Tag Archives: First Draft

Working 9 to 5

Over the past two weeks, I have been on a bit of an emotional roller coaster on the work front. I say work front but by that I mean the day job. I finished my M.A. in September last year. For two years, I juggled work alongside my studies. It was tough but I did it. It helped that with the coursework submissions, workshops and lectures, I had a structured timetable to work within. Now, without those deadlines, I have been freewheeling to the point where the wheels almost came off.

I knew I needed a break after the Masters but after a couple of months off, I wanted to knuckle down to my second edit at the start of 2017. It is now nearly March and I have been faffing around. I have a couple of agents interested in seeing my finished manuscript, but even with that motivation, I haven’t been able to focus. I miss my characters, I miss my story and I want to get back to the writing.
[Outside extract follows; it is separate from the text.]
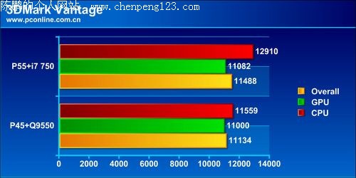 在3DMark Vantage测试中,两个平台上的性能表现除了CPU性能有一些不同以外,GPU性能和整体性能基本相同。

Whatever job path I have followed in my career, and there have been a few, I have always been driven to do the best I can. Long hours have never been an issue for me. I have always derived a huge satisfaction from knowing I have done a good job, no matter how much overtime it has taken me to get there, but now there has been a shift. I love my work at the University and supporting the Professor, but if I am sitting at my desk at 7pm at night, I no longer get a sense of achievement. I am knackered by the time I get home and it is not ‘a good fatigue’. I feel empty and flat and I know why it is. I am too tired to write.

To address this, for the past few weeks, I have been battling to get out of the office at 5pm but desperately failing to do so. Finally, a couple of weeks ago, a few days before I went on holiday, I couldn’t cope. I scooped up all my workbooks, went home, and sat there for 48 hours, sobbing over my keyboard as I worked from home. I was miserable. Or as I said to my work colleagues, I was over-tired, overwhelmed and like my little nephew needed some quiet time.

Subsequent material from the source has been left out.